Abismo da elite degenerada e zénite da super classe gestora, casta que envolve os decisores de outrora no seu tecnicismo automático e na viva ausência de espírito. Resta saber como poderá voltar a ser grande um império em afastamento das referências nacionais e em retirada sem estratégica dentro da fortaleza americana, enquanto dança e quer fazer-nos dançar ao ritmo dos caprichos divertidos do seu Calígula. Quinto; a competição no Triângulo, desencadeada pela crise americana, baralha a hierarquia das potências. Potências médias assumem-se como médias máximas, enquanto se concebem super máximas para o futuro. À frente de todas, a Turquia neo-imperial, em escala transcontinental. Outras, como o Japão e até a Alemanha em crise nervosa, concentram-se em áreas menos amplas. Aproveitam o recuo americano para se expandirem nas respectivas regiões como parceiros prioritários do “Número Um” de hoje pois amanhã será outro dia. Os japoneses e alemães oferecem-se aos Estados Unidos para conter a visível expansão chinesa na Ásia e a alegada invasão russa da OTAN europeia, prevista para 2029 segundo a comunicação atlântica.

O rearmamento japonês prossegue discretamente, o alemão em retórica ostentadora ainda longe de se concretizar na prática ao ponto de se propor como primeira potência militar continental na próxima década. Sem humor, os líderes europeus parecem imitar a véspera da dupla guerra mundial. Macron e Carlos III redescobrem a “entente cordiale” anti-germânica de 1904, promovida como “amigável”. Com mão estendida aos polacos, empenhados em restaurar os pensamentos do marechal Piłsudski. E com o polegar virado para os russos. Sintomas da histeria emergencial que circula entre os europeus não sabemos quanto encenada e acreditada. Seja como for, o blefe europeísta foi desmascarado. Substitui-o o alarmismo. Em sentido estrito vai-se às armas. Chegam os cossacos. Assim desalentados, voltamos à questão central de como neutralizar, através de pazes sujas, a ameaça de guerra total, com focos bélicos unificados? Enquanto utopistas não produzem o plano geral da paz justa universal, avancemos com os modestos meios ao nosso dispor. Recomeçamos pela Paz Negociada.

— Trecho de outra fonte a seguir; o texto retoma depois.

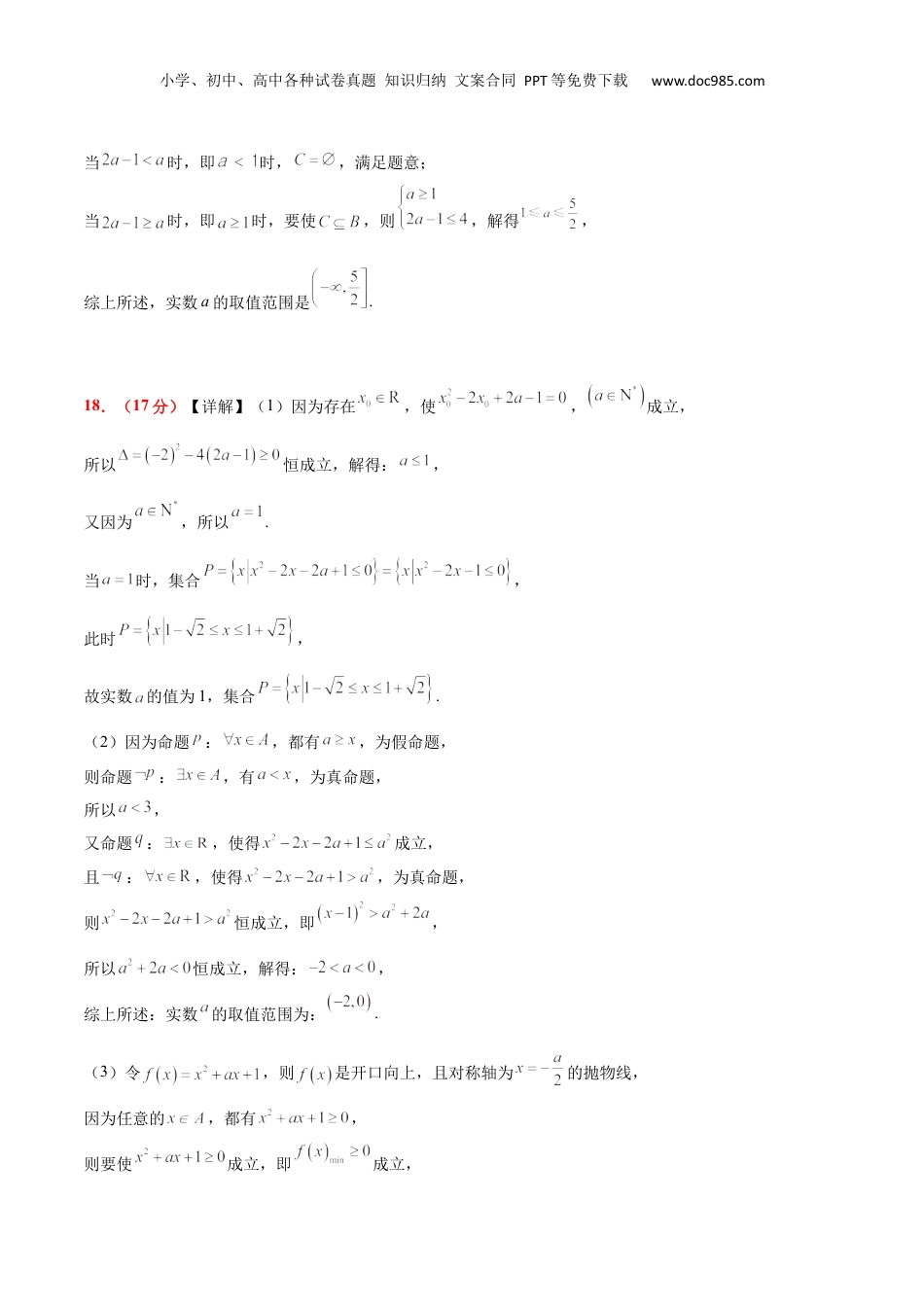 小学、初中、高中各种试卷真题知识归纳文案合同PPT等免费下载www.doc985.com第一章集合与常用逻辑用语综合检测参考答案第一部分(选择题共58分)一、选择题:本题共8小题,每小题5分,共40分。在每小题给出的四个选项中,只有一项是符合题目要求的。12345678AADDABCC二、选择题:本题共3小题,每小题6分,共18分.在每小题给出的选项中,有多项符合题目要求.全部选对的得6分,部分选对的得部分分,有选错的得0分.91011BCDCDBD第二部分(非选择题共92分)三、填空题:本题共3小题,每小题5分,共15分。12.或13.14.四、解答题:本题共5小题,共77分。解答应写出文字说明、证明过程或演算步棸。15.(13分)【详解】(1)当时,,所以或,因为,所以,小学、初中、高中各种试卷真题知识归纳文案合同PPT等免费下载www.doc985.com所以,所以.(2)由(1)知,又,所以,解得:.所以实数的取值范围为.16.(15分)【详解】(1)依题意,关于的不等式恒成立,于是得,解得,所以实数的取值的集合.(2)因为是的必要不充分条件,所以为的真子集.又为非空集合,所以,得,所以实数的取值范围为.17.(15分)【详解】(1)要使函数有意义,则解得,所以,对于函数,,所以,所以.(2)因为,,小学、初中、高中各种试卷真题知识归纳文案合同PPT等免费下载www.doc985.com当时,即时,,满足题意;当时,即时,要使,则,解得,综上所述,实数a的取值范围是.18.(17分)【详解】(1)因为存在,使,成立,所以恒成立,解得:,又因为,所以.当时,集合,此时,故实数的值为1,集合.(2)因为命题:,都有,为假命题,则命题:,有,为真命题,所以,又命题:,使得成立,且:,使得,为真命题,则恒成立,即,所以恒成立,解得:,综上所述:实数的取值范围为:.(3)令,则是开口向上,且对称轴为的抛物线,因为任意的,都有,则要使成立,即成立,小学、初中、高中各种试卷真题知识归纳文案合同PPT等免费下载www.doc985.com当,即时,在上是单调递增函数,所以有,解得:;当,即时,在上的最小值为,所以有,解得:;当,即时,在上是单调递减函数,所以有,此时没有实数解;综上所述:实数的取值范围为:.19.(17分)【详解】(1)解:由题意,数列,可得,所以集合,所以.(2)证明:充分性:若为等差数列,且是递减数列,则的公差为,当时,,所以,则,故充分性成立.必要性:若是递减数列,,则为等差数列,因为是递减数列,所以,所以,且互不相等,所以,小学、初中、高中各种试卷真题知识归纳文案合同PPT等免费下载www.doc985.com又因为,所以且互不相等,所以,所以,所以为等差数列,必要性成立.所以若是递减数列,“”的充要条件是“为等差数列”.(3)证明:由题意集合中的元素个数最多为个,即,对于数列,此时,若存在,则,其中,故,若,不妨设,则,而,故为偶数,为奇数,矛盾,故,故,故由得到的彼此相异,所以.

Uma bolha de indulgência informal entre duelistas tranquilizados pela sua refinada ambiguidade. Inspiração do raciocínio sobre a ordem do caos. Na sua esteira, uma hierarquia dos conflitos, e portanto da urgência em tratá-los. A classificação baseia-se na probabilidade de um confronto estratégico abaixo do limiar bélico dos Estados Unidos contra a China ou dois conflitos regionais em curso da Rússia contra Ucrânia e Israel contra Irão (em pausa aparente), palestinianos e outros vizinhos desencadearem a terceira guerra mundial. Prevista envolver os três vértices do Triângulo. Arrastando-nos, frágil charneira entre ordem e caos. Como base de discussão, inventamos um coeficiente de dilatação bélica, emprestado da termodinâmica. Medida subjectiva que convida à refutação. Numa escala de 1 a 10, colocamos em primeiro lugar, com um 7, o duelo sino-americano centrado no Indo-Pacífico. Logo atrás, a Ucrânia, com nota 6. Em terceiro, a guerra de Israel, não acima de 3.